### Provided data

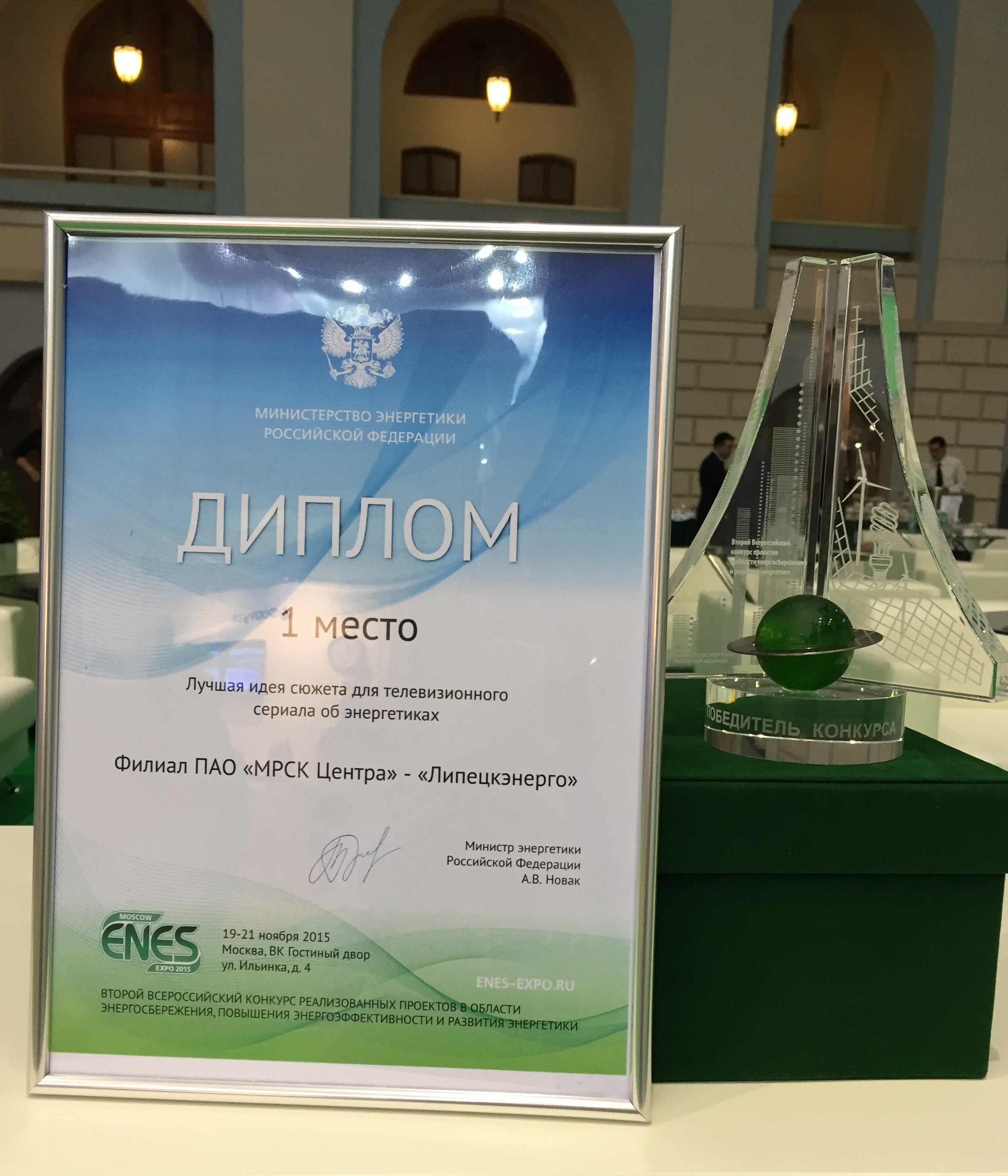Проект инженера первой категории производственно-технической группы филиала ПАО «МРСК Центра» - «Липецкэнерго» Дмитрия Бутова вошел в число победителей Всероссийского конкурса реализованных проектов в области энергосбережения, повышения энергоэффективности ENES- 2015.
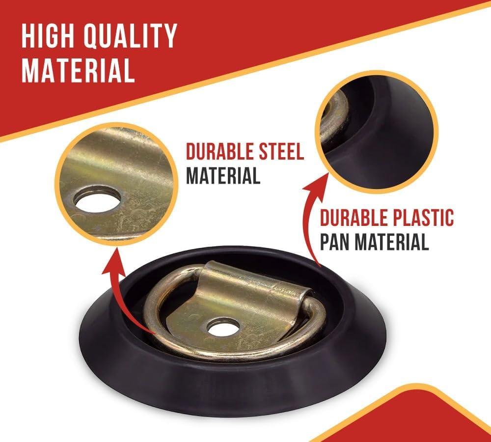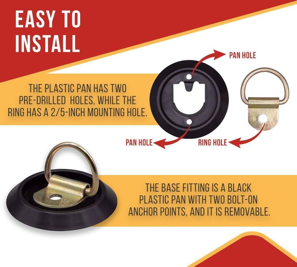 • No Welding, Easy-to-Install: Our flush mount D-rings are designed for everyday use and are easy to install. We’ve pre-drilled holes for convenience. The plastic pan has two holes, and the ring has a 2/5-inch mounting hole for a secure and reliable anchor point to different project requirements.
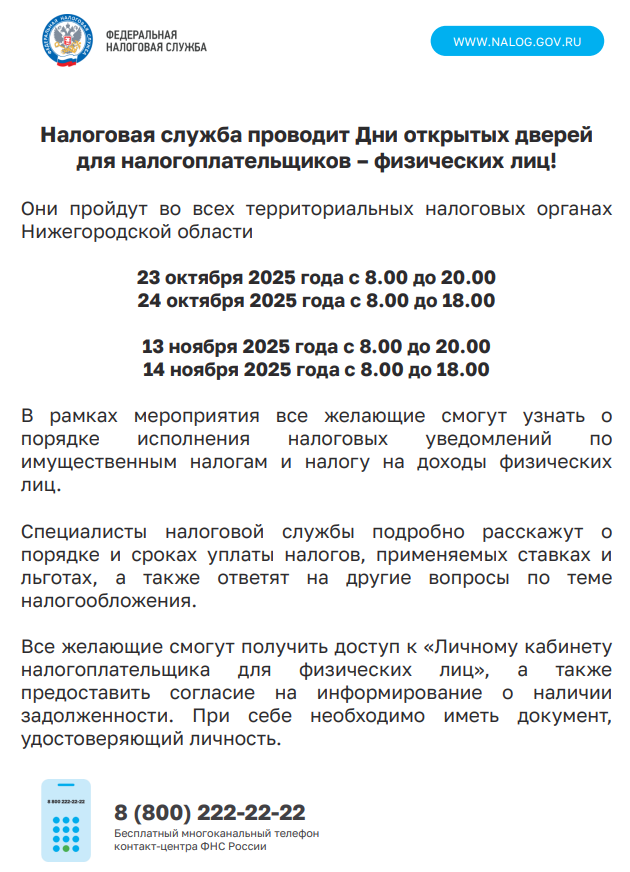 Межрайонная ИФНС России №22 по Нижегородской области информирует о проведении семинаров для налогоплательщиков
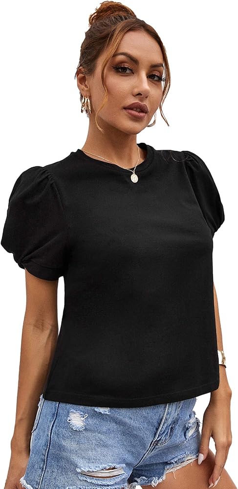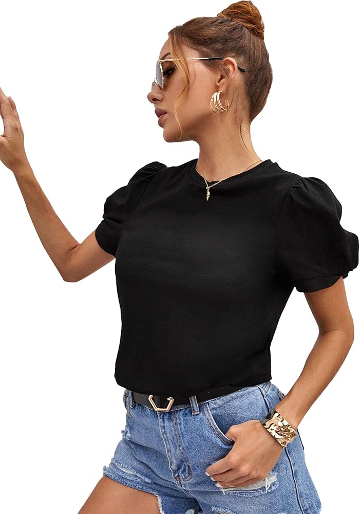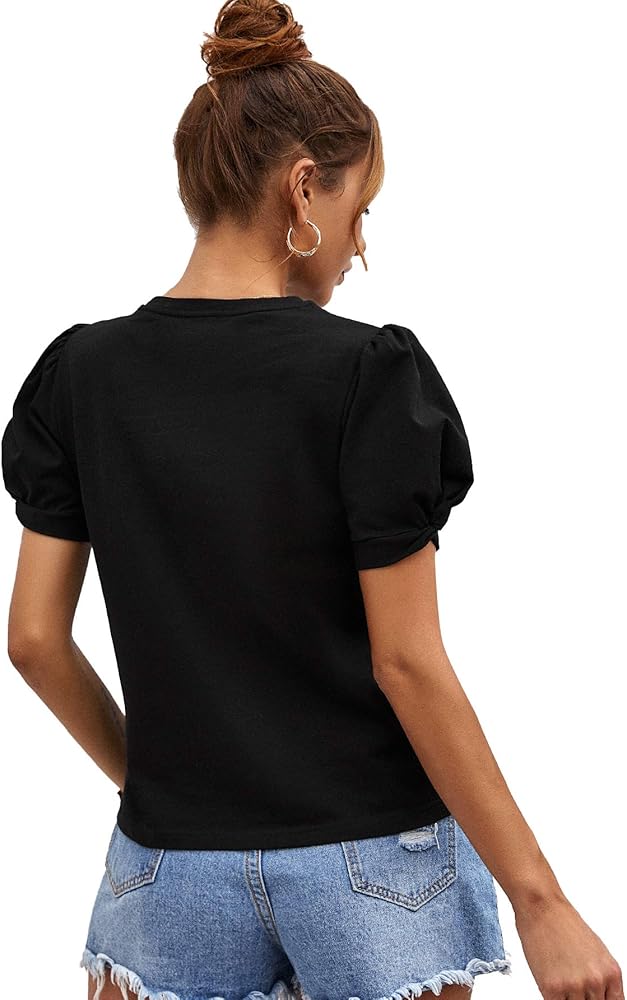 - يتميز هذا التيشيرت بأكمام منتفخة ورقبة دائرية
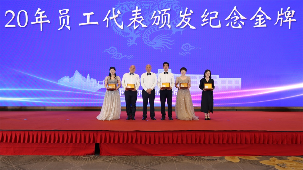活動(dòng)中,向在公司辛勤工作10年和20年的老員工代表頒發(fā)紀(jì)念金牌,以此感謝他們?yōu)楣景l(fā)展所作出的無私奉獻(xiàn),并共同分享這份榮耀與喜悅。
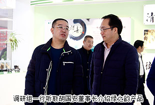 調(diào)研組一行首先參觀了綠之韻集團(tuán)大樓,聽取了胡國安董事長對綠之韻系列產(chǎn)品、集團(tuán)總部辦公區(qū)、企業(yè)資質(zhì)和榮譽(yù)展示區(qū)的介紹。綠之韻“以產(chǎn)品為導(dǎo)向的體驗(yàn)式營銷模式”和“移動(dòng)互聯(lián)網(wǎng)+直銷”的發(fā)展戰(zhàn)略,優(yōu)質(zhì)的產(chǎn)品研發(fā)體系、產(chǎn)學(xué)研合作模式以及良好的企業(yè)形象得到了考察組各位領(lǐng)導(dǎo)的高度認(rèn)可和贊譽(yù)。

######

* **Directions for this task**
Omitting the pictures, repeat all entries exactly.

* **Problem solution**
Проект инженера первой категории производственно-технической группы филиала ПАО «МРСК Центра» - «Липецкэнерго» Дмитрия Бутова вошел в число победителей Всероссийского конкурса реализованных проектов в области энергосбережения, повышения энергоэффективности ENES- 2015.
 • No Welding, Easy-to-Install: Our flush mount D-rings are designed for everyday use and are easy to install. We’ve pre-drilled holes for convenience. The plastic pan has two holes, and the ring has a 2/5-inch mounting hole for a secure and reliable anchor point to different project requirements.
 Межрайонная ИФНС России №22 по Нижегородской области информирует о проведении семинаров для налогоплательщиков
 - يتميز هذا التيشيرت بأكمام منتفخة ورقبة دائرية
活動(dòng)中,向在公司辛勤工作10年和20年的老員工代表頒發(fā)紀(jì)念金牌,以此感謝他們?yōu)楣景l(fā)展所作出的無私奉獻(xiàn),并共同分享這份榮耀與喜悅。
 調(diào)研組一行首先參觀了綠之韻集團(tuán)大樓,聽取了胡國安董事長對綠之韻系列產(chǎn)品、集團(tuán)總部辦公區(qū)、企業(yè)資質(zhì)和榮譽(yù)展示區(qū)的介紹。綠之韻“以產(chǎn)品為導(dǎo)向的體驗(yàn)式營銷模式”和“移動(dòng)互聯(lián)網(wǎng)+直銷”的發(fā)展戰(zhàn)略,優(yōu)質(zhì)的產(chǎn)品研發(fā)體系、產(chǎn)學(xué)研合作模式以及良好的企業(yè)形象得到了考察組各位領(lǐng)導(dǎo)的高度認(rèn)可和贊譽(yù)。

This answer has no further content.